Many studies have employed relatively small sample sizes (usually fewer than 50 participants; for reviews reporting sample sizes see Bogg & Lasecki, 2015; Hill et al., 2017; Kelly et al., 2014). These studies may therefore be underpowered, increasing the risk of making Type I (finding an intervention effective when it is not) and Type II (finding an intervention ineffective when it is effective) errors when interpreting the results. The lack of double-blinding in CCT studies has also been considered a limitation (Green et al., 2019), since it potentially increases the risk of bias introduced by the researcher (e.g., intentionally or unintentionally favouring certain results) and participants (e.g., placebo effects). Similarly, the procedures used for group assignment may represent a source of bias. In studies investigating the effects of an intervention, adequate randomization is commonly expected, however, Green et al. (2019) argue that in studies with small sample sizes, such as in CCT studies, randomization might produce unbalanced groups, leading to biased results.

The use of no-contact (passive) control groups—that is, participants who do not receive any form of intervention—has also been a matter of debate (Au et al., 2015; Boot et al., 2013; Melby-Lervåg et al., 2016; Melby-Lervåg & Hulme, 2013). One limitation with the use of passive control groups is that it cannot control for placebo effects and the occurrence of a phenomenon called the Hawthorne effect (McCambridge et al., 2014), in which participants behave differently as a consequence of being observed. It is possible that the participants’ performance may improve, not as a consequence of training a particular cognitive function, but rather due to increased effort during the posttraining assessment phase. One possible solution to this issue is to use an “active” control group—that is, a group undergoing a placebo training programme. This placebo programme is usually comparable to the experimental group in terms of length and schedule in order to exert the same expectation of improvement as is exerted by the experimental programme. The use of this type of control is grounded in the hypothesis that some or all of the transferable effects found as a consequence of CCT are derived from an increased effort in performing the posttraining assessment and not from a real improvement in cognitive functions. Most of the evidence supporting this hypothesis comes from larger effect sizes found when using passive control groups when compared with active control groups (Melby-Lervåg et al., 2016). Other meta-analyses, however, have not found significant differences between the posttraining scores of the active and passive control groups (Au et al., 2015, 2020).
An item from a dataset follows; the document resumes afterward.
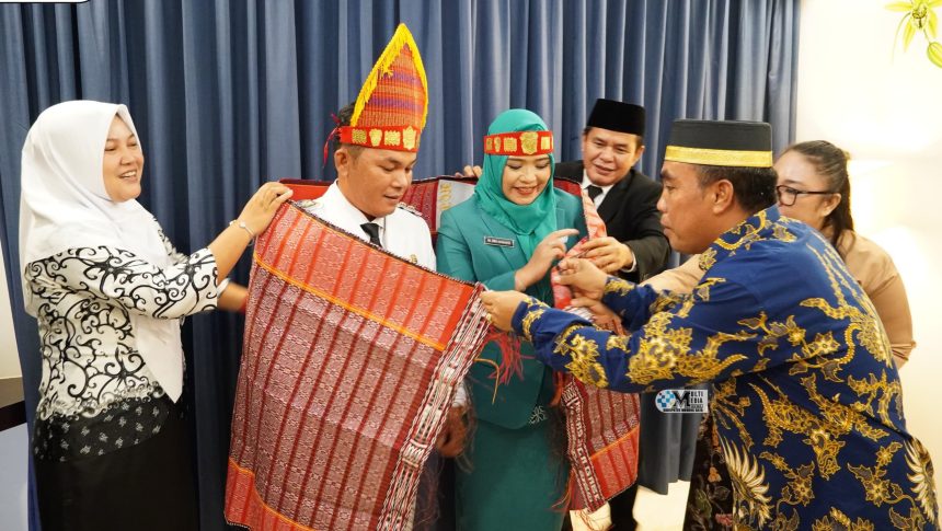 PURUK CAHU – Wakil Bupati (Wabup) Murung Raya (Mura) Rahmanto Muhidin didampingi istri, Dina Maulidah, menerima penyematan tanda penghargaan marga Lumban Gaol dari keluarga besar Lumban Gaol Provinsi Kalimantan Tengah (Kalteng).

Meta-analyses in the field

In an attempt to provide a more definitive answer to whether or not CCT can deliver transferable effects, several meta-analyses have been performed. Unfortunately, as in the case of individual CCT studies, results are not sufficiently clear. For example, several meta-analyses have reported significant improvements of cognitive functions and transferable effects after training (Au et al., 2015; Cortese et al., 2015; Hill et al., 2017; Karbach & Verhaeghen, 2014; Kelly et al., 2014; Lampit et al., 2014; Leung et al., 2015). However, in a meta-analysis by Melby-Lervåg and Hulme (2016) in which data from two of these meta-analyses (i.e., Au et al., 2015; Karbach & Verhaeghen, 2014) were reanalyzed, it was argued that the significant results reported were obtained using biased methodologies. More specifically, Melby-Lervåg and Hulme observed biases in the selection of studies (e.g., not reporting what measures and effect sizes were coded, insufficient information about the selection of studies), calculation of effect sizes that did not consider baseline differences, and failures to consider possible placebo effects (by including studies using passive control groups). In another meta-analysis (Soveri et al., 2017), it was observed that the effect size of WM improvements reported by several meta-analyses was inflated by including untrained variants of the training task in the assessment of WM. Including such tasks in the assessment confounds improvements exclusively observed in the training task with real improvements in the construct of WM.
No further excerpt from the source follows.